§ **INSTRUCTIONS FOR THE TASK**:
From the entries below, print exactly the span beginning with the line holding "在積分榜上,輸球的巴薩依然排" and ending with the line holding "Blue cream wedding wheat flower invitation", endpoints included, and skip any pictures.

§ **RECORDS SHOWN**:

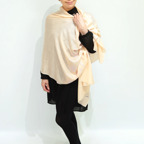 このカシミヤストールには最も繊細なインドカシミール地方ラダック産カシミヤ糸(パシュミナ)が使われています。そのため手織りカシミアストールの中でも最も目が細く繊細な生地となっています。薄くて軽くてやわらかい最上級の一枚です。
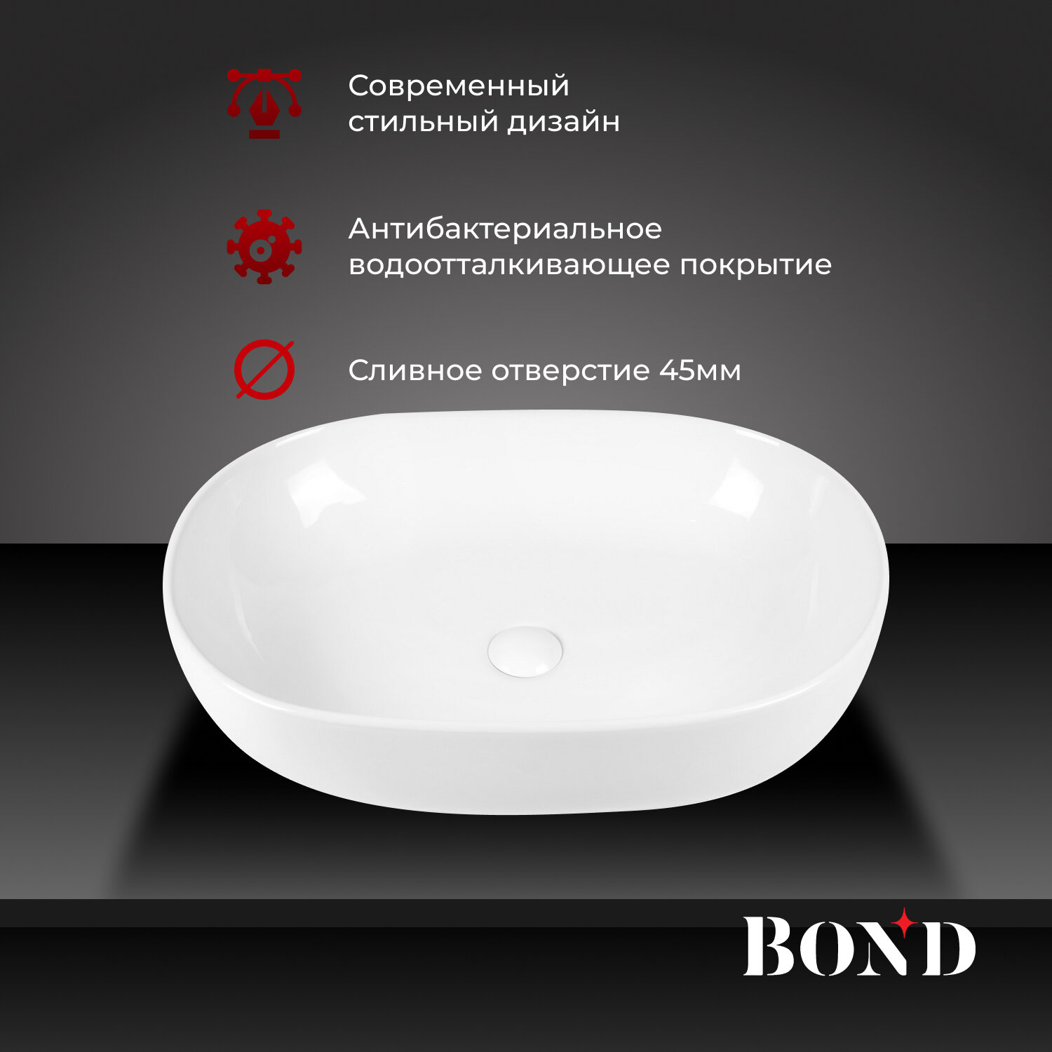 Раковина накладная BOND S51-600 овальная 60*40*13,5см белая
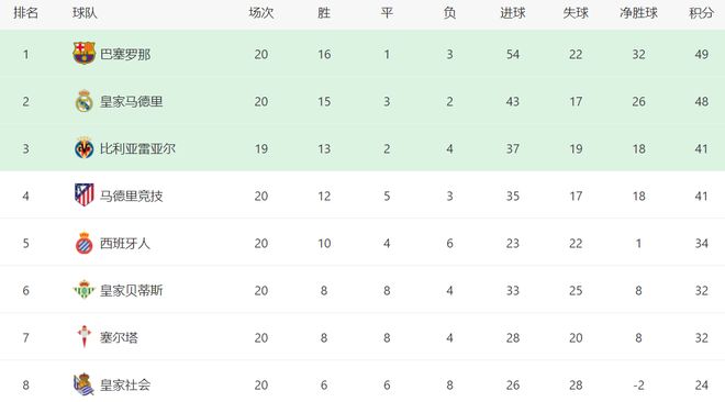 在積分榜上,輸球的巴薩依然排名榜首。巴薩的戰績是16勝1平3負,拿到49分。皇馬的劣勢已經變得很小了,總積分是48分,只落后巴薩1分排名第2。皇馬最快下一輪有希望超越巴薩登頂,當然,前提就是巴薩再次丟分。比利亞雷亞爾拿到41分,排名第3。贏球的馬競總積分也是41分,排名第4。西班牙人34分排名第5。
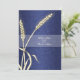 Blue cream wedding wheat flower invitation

==

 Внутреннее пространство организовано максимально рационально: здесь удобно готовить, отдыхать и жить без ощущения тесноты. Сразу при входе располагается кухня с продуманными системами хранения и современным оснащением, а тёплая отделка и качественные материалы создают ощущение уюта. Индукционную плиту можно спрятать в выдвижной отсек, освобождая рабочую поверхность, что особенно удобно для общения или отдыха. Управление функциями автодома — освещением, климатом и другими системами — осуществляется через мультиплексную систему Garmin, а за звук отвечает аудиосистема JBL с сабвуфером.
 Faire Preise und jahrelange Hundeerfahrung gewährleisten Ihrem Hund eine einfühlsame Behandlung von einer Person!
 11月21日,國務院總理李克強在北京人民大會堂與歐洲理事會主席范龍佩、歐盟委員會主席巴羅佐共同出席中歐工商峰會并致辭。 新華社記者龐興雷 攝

* * *

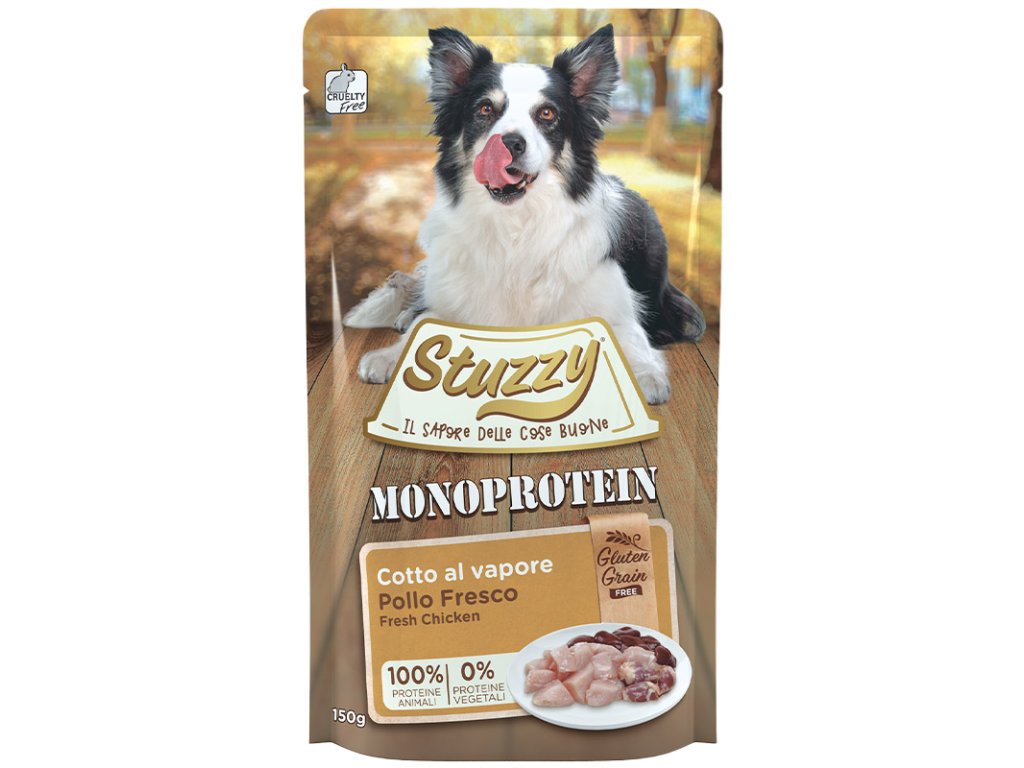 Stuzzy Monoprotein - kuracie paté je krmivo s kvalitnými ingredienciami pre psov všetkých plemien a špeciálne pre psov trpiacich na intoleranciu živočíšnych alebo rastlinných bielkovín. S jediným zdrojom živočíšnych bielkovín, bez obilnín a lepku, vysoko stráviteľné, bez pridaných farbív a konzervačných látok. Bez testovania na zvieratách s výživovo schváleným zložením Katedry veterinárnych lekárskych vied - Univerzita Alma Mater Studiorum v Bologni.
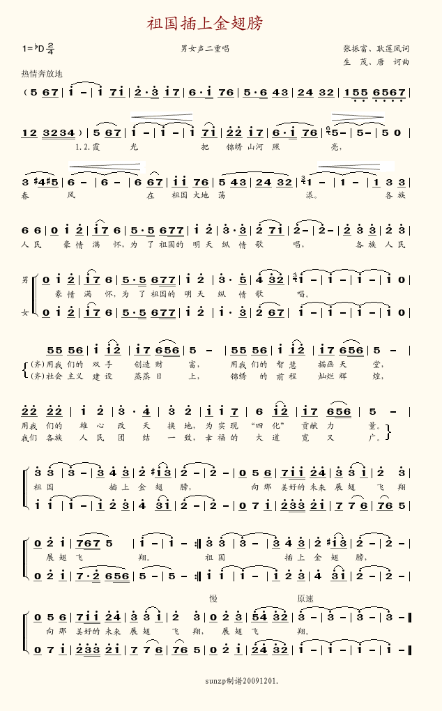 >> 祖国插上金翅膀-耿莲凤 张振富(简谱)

§ **WRITTEN SOLUTION**:
 在積分榜上,輸球的巴薩依然排名榜首。巴薩的戰績是16勝1平3負,拿到49分。皇馬的劣勢已經變得很小了,總積分是48分,只落后巴薩1分排名第2。皇馬最快下一輪有希望超越巴薩登頂,當然,前提就是巴薩再次丟分。比利亞雷亞爾拿到41分,排名第3。贏球的馬競總積分也是41分,排名第4。西班牙人34分排名第5。
 Blue cream wedding wheat flower invitation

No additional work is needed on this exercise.